What the task requires:
Exactly retype the lines below from the one containing "12 ноября 2025" through the end of the listing. Leave pictures out.

┌─ Data provided

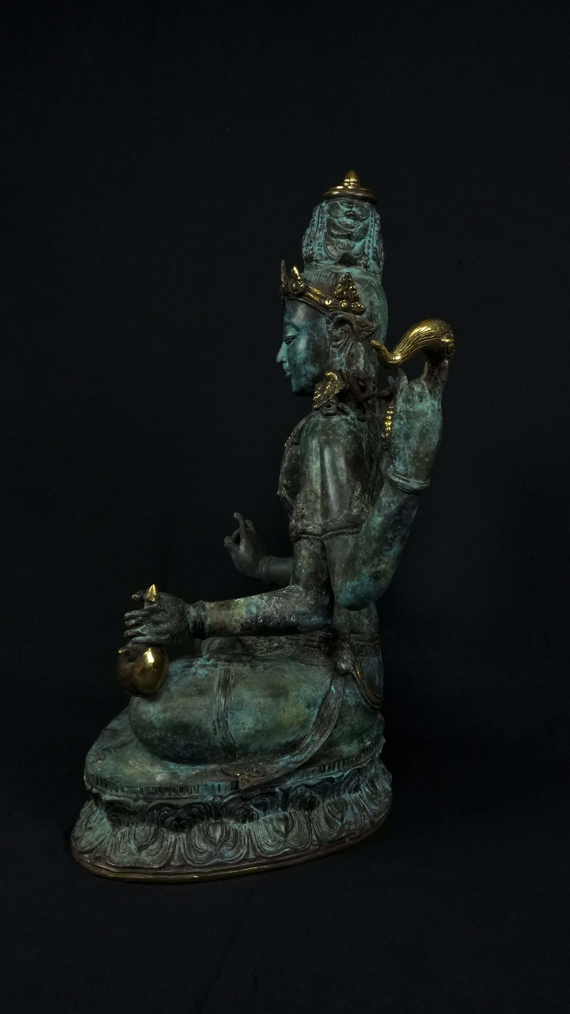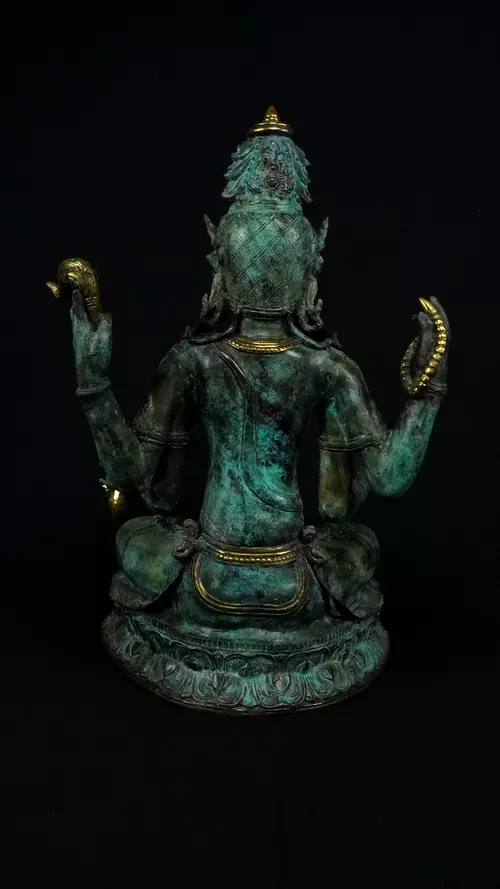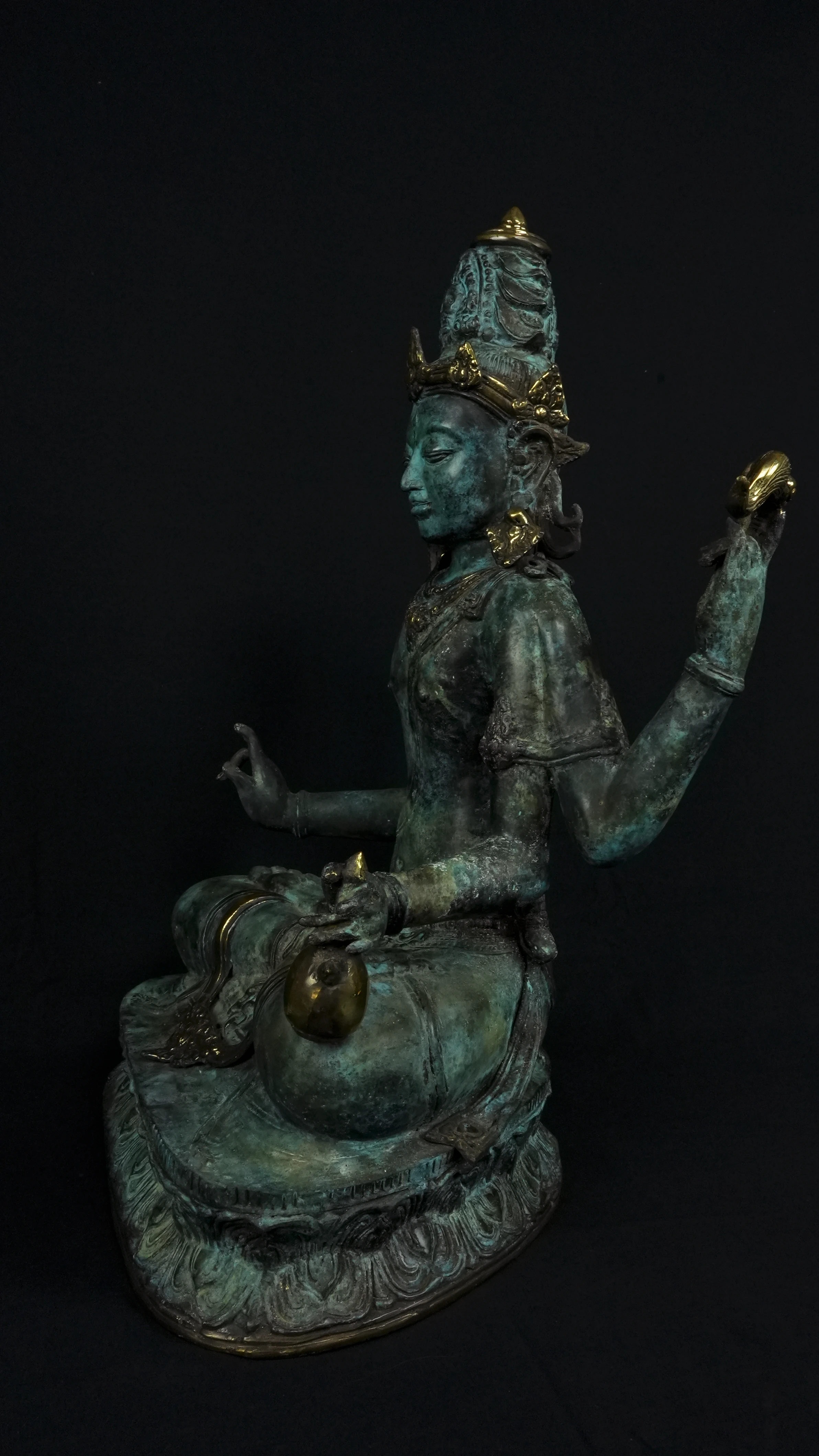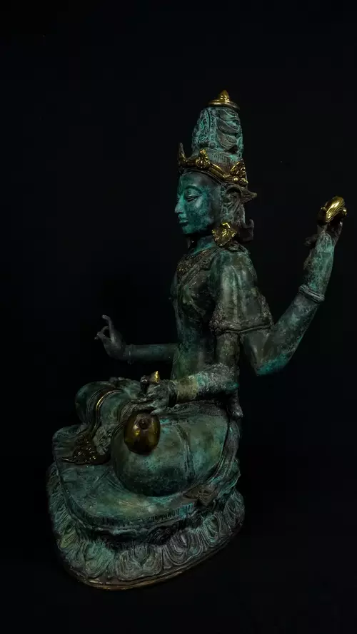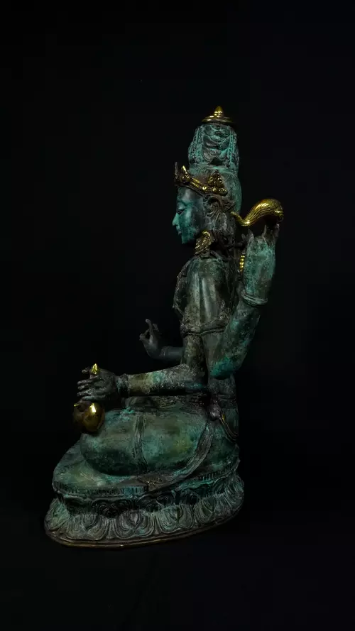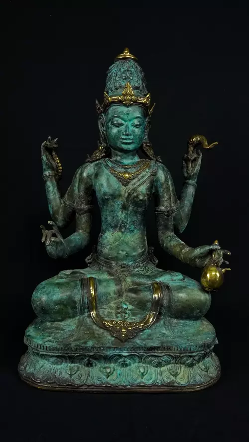 Cette statue de Brahma, aux teintes cuivrées et vertes patinées, incarne la rencontre de la conscience et de la matière. Assis en posture de méditation, il dégage une présence stable et sereine, portant en lui l’intelligence divine à l’origine de toute chose. Chaque élément, son mudra d’enseignement, le vase de création, le mala du temps et le sceptre de sagesse symbolisent un aspect de l’ordre universel et de la transmission sacrée. Les reflets dorés sur sa coiffe et ses ornements rappellent la lumière pure de la connaissance qui éclaire toute création alignée. Le socle en lotus, finement sculpté, évoque la pureté née du chaos, tandis que son regard apaisé reflète l’équilibre parfait entre le verbe, l’intention et la forme.
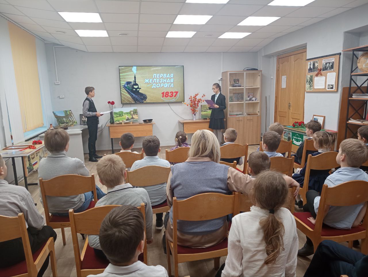 12 ноября 2025 года в нашем школьном музее состоялось памятное событие, приуроченное к 188-й годовщине со дня открытия первой железной дороги в России. Именно 11 ноября 1837 года состоялся легендарный рейс из Санкт-Петербурга в Царское Село, положивший начало железнодорожной эре в нашей стране. Чтобы рассказать об этом важном событии, для учащихся были организованы две отдельные программы: для учеников 1-4 и 5-8 классов.
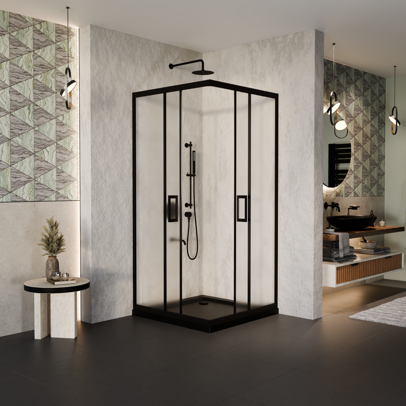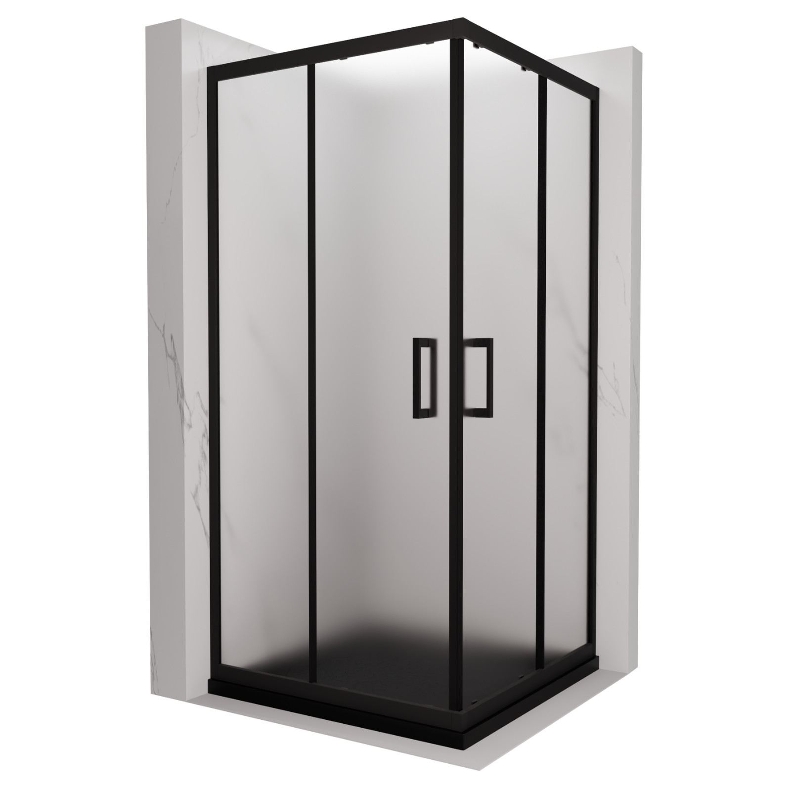 HD Moment 80x80 szögletes két tolóajtós zuhanykabin fekete slim zuhanytálcával és króm szifonnal

└─

Response box:
 12 ноября 2025 года в нашем школьном музее состоялось памятное событие, приуроченное к 188-й годовщине со дня открытия первой железной дороги в России. Именно 11 ноября 1837 года состоялся легендарный рейс из Санкт-Петербурга в Царское Село, положивший начало железнодорожной эре в нашей стране. Чтобы рассказать об этом важном событии, для учащихся были организованы две отдельные программы: для учеников 1-4 и 5-8 классов.
 HD Moment 80x80 szögletes két tolóajtós zuhanykabin fekete slim zuhanytálcával és króm szifonnal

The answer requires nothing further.